[Extracted records]
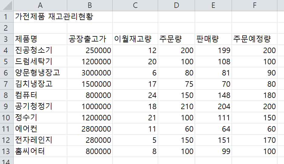 1. ‘분석작업-1’ 시트에서 다음의 지시사항을 처리하시오. (10점)
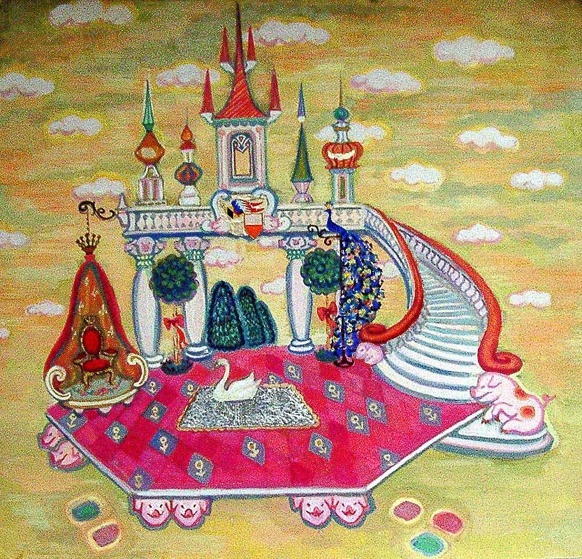 Эскиз к телевизионному мультфильму, созданный в период работы художницы на Центральном Телевидении СССР. Окс Людмила Евгеньевна (1931 – 2013, Москва), художник театра и телевидения, дочь художника 1920-х – 1960-х Евгения Борисовича Окса. Родилась в Москве, училась в московской художественной школе «Чудовке» и Московском художественном училище памяти 1905 года по профилю «театрально-декорционное искусство». С 1954 по 1957 гг. работала в Куйбышевском областном театре оперы и балета, где стажировалась у знаменитого Б.М.Эрбштейна, где была автором декораций к балету «Бахчисарайский фонтан», опере «Чио-Чио-Сан» и ряду других постановок. В 1957 г. в Ленинграде по приглашению Эрбштейна совместно с ним оформляла спектакль «Конец Криворыльска». Далее несколько лет оформляла драматические спектакли в разных театрах. С середины 1960-х по конец 1980-х гг. работала художником-постановщиком на Центральном Телевидении. В ее декорациях шли литературно-познавательные программы, несколько выпусков КВН и «Кабачка 13 стульев», ряд телеспектаклей, среди них – «Провинциалка» по И.А.Тургеневу. Создала постановочное решение, костюмы и декорации к мульфильму «Ганс-Свинопас» по Г.-Х. Андерсену. Закрытость работы телевидения в те годы потребовала прекращения ее общетворческой деятельности в качестве художника-живописца и участия в непрофильных выставках и т.п. С 1990 г. сосредоточилась на литературно-публицистической и выставочной деятельности по возвращению в историю отечественной культуры и искусства имени и творческого наследия отца, Евгения Окса. В эти годы она выступила как иконописец (ее работы образ Св.Троицы украшает вход в Троицкий храм в Хорошеве в Москве) и написала несколько картин, среди них «Птица-Тройка, Русь». Театральные и телевизионные эскизы и другие работы Л.Окс хранятся в нескольких частных коллекциях в России и за рубежом.
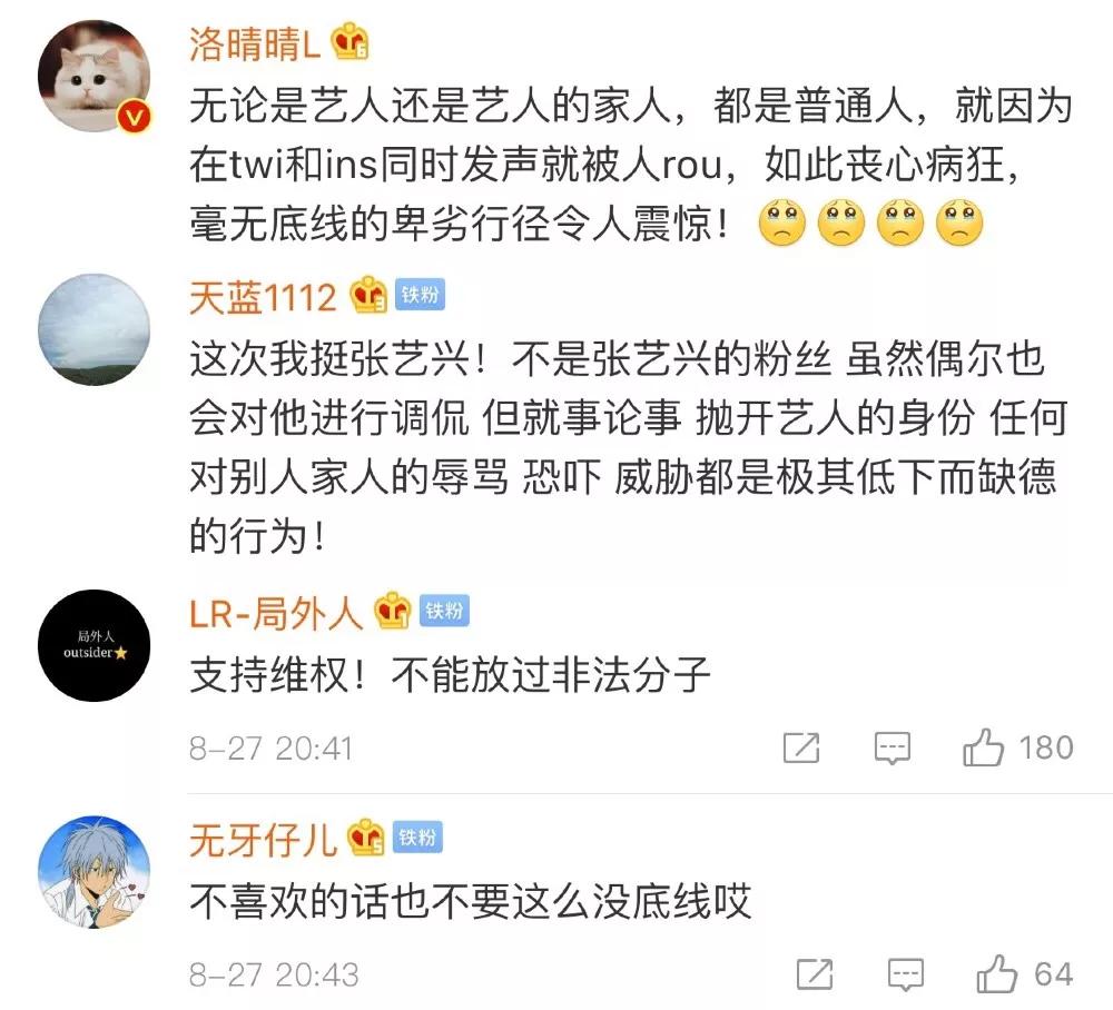 网友们也纷纷表示:“家人是底线!必要时报警处理吧!”“生而为人,请善良。”“好人一生平安,支持张艺兴”“支持艺兴,严惩恶徒”“真是太无语”。
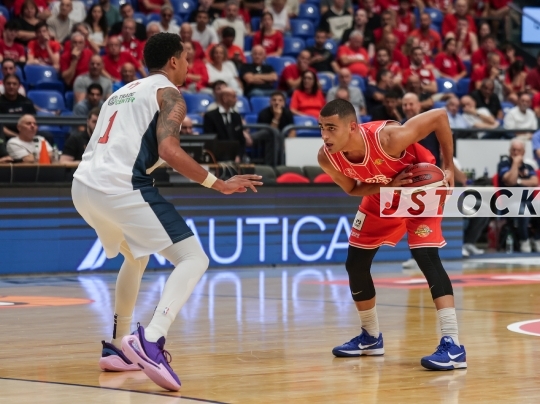 BKB-ISR Winner Cup – Hapoel Tel Aviv (in red) vs. Ness Ziona (in white), September 13, 2025, Menora Mivtachim Arena, Tel Aviv, Israel.
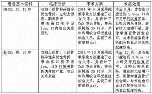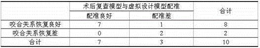 从以上表中可以看出,本发明中导板用于手术重建咬合关系,降低手术难度,缩短手术时间,保证手术效果,提高重建精确度。
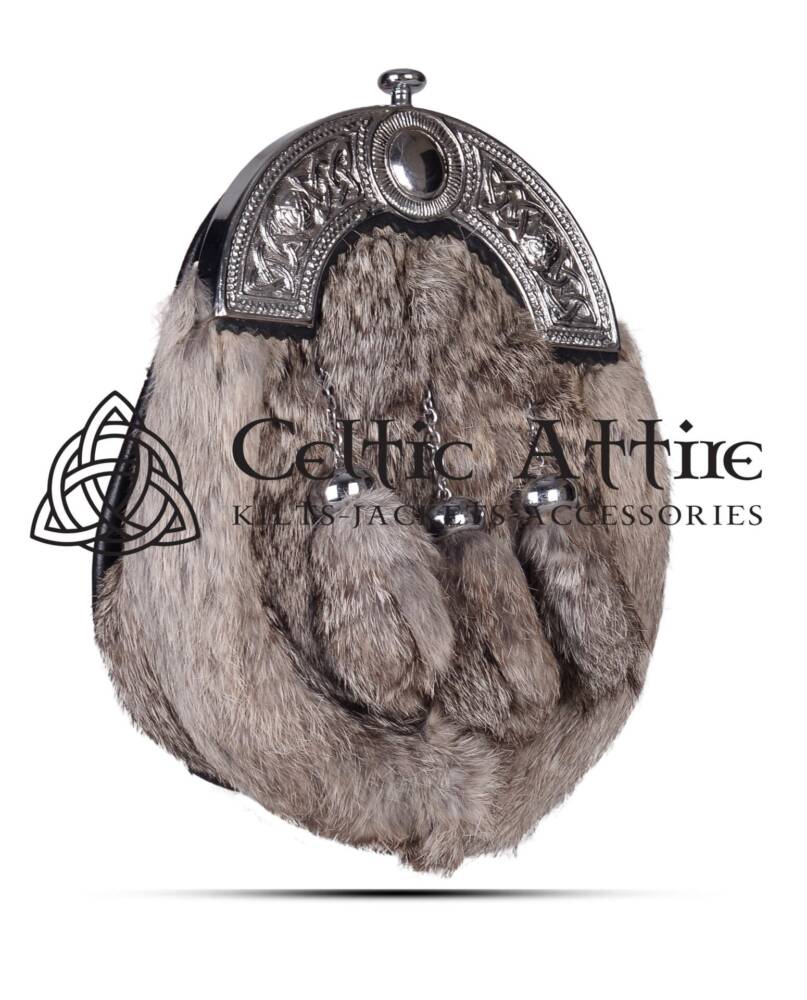 Brown Rabbit Fur Full Dress Sporran – Celtic Knots Cantle
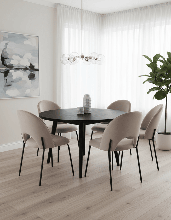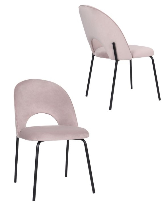 Scaunul de dining Molly Black de culoare gri deschis (cu tentă bej), cu picioare negre, tapițerie moale la atingere și forma spătarului modernă, se potrivește prin estetica sa cu cele mai recente tendințe de design interior.
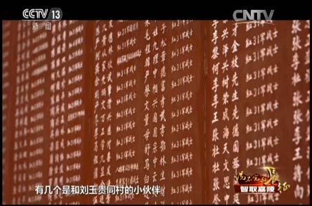 博物馆墙上的名字都是在战争中牺牲的红军烈士,有几个是当年和红四方面军30军战士刘玉贵同村的小伙伴,他们牺牲于1935年的一场战役,史上称做强渡嘉陵江。对刘玉贵老人来说,嘉陵江战役是一生中最难忘的回忆。
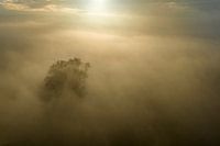 Bos bedekt met een deken van mist van bovenaf gezien tijdens een herfstochtend bij de rivier de IJssel in Overijssel. De boomtoppen steken boven de dichte mist uit en sommige bomen beginnen van kleur te veranderen tijdens het jaarlijkse herfstseizoen. De mist geeft het landschap een mystieke sfeer.

EXERCISE GOAL -
The answer must consist of the entries above, reproduced word for word, without any pictures.

TASK SOLUTION -
 1. ‘분석작업-1’ 시트에서 다음의 지시사항을 처리하시오. (10점)
 Эскиз к телевизионному мультфильму, созданный в период работы художницы на Центральном Телевидении СССР. Окс Людмила Евгеньевна (1931 – 2013, Москва), художник театра и телевидения, дочь художника 1920-х – 1960-х Евгения Борисовича Окса. Родилась в Москве, училась в московской художественной школе «Чудовке» и Московском художественном училище памяти 1905 года по профилю «театрально-декорционное искусство». С 1954 по 1957 гг. работала в Куйбышевском областном театре оперы и балета, где стажировалась у знаменитого Б.М.Эрбштейна, где была автором декораций к балету «Бахчисарайский фонтан», опере «Чио-Чио-Сан» и ряду других постановок. В 1957 г. в Ленинграде по приглашению Эрбштейна совместно с ним оформляла спектакль «Конец Криворыльска». Далее несколько лет оформляла драматические спектакли в разных театрах. С середины 1960-х по конец 1980-х гг. работала художником-постановщиком на Центральном Телевидении. В ее декорациях шли литературно-познавательные программы, несколько выпусков КВН и «Кабачка 13 стульев», ряд телеспектаклей, среди них – «Провинциалка» по И.А.Тургеневу. Создала постановочное решение, костюмы и декорации к мульфильму «Ганс-Свинопас» по Г.-Х. Андерсену. Закрытость работы телевидения в те годы потребовала прекращения ее общетворческой деятельности в качестве художника-живописца и участия в непрофильных выставках и т.п. С 1990 г. сосредоточилась на литературно-публицистической и выставочной деятельности по возвращению в историю отечественной культуры и искусства имени и творческого наследия отца, Евгения Окса. В эти годы она выступила как иконописец (ее работы образ Св.Троицы украшает вход в Троицкий храм в Хорошеве в Москве) и написала несколько картин, среди них «Птица-Тройка, Русь». Театральные и телевизионные эскизы и другие работы Л.Окс хранятся в нескольких частных коллекциях в России и за рубежом.
 网友们也纷纷表示:“家人是底线!必要时报警处理吧!”“生而为人,请善良。”“好人一生平安,支持张艺兴”“支持艺兴,严惩恶徒”“真是太无语”。
 BKB-ISR Winner Cup – Hapoel Tel Aviv (in red) vs. Ness Ziona (in white), September 13, 2025, Menora Mivtachim Arena, Tel Aviv, Israel.
 从以上表中可以看出,本发明中导板用于手术重建咬合关系,降低手术难度,缩短手术时间,保证手术效果,提高重建精确度。
 Brown Rabbit Fur Full Dress Sporran – Celtic Knots Cantle
 Scaunul de dining Molly Black de culoare gri deschis (cu tentă bej), cu picioare negre, tapițerie moale la atingere și forma spătarului modernă, se potrivește prin estetica sa cu cele mai recente tendințe de design interior.
 博物馆墙上的名字都是在战争中牺牲的红军烈士,有几个是当年和红四方面军30军战士刘玉贵同村的小伙伴,他们牺牲于1935年的一场战役,史上称做强渡嘉陵江。对刘玉贵老人来说,嘉陵江战役是一生中最难忘的回忆。
 Bos bedekt met een deken van mist van bovenaf gezien tijdens een herfstochtend bij de rivier de IJssel in Overijssel. De boomtoppen steken boven de dichte mist uit en sommige bomen beginnen van kleur te veranderen tijdens het jaarlijkse herfstseizoen. De mist geeft het landschap een mystieke sfeer.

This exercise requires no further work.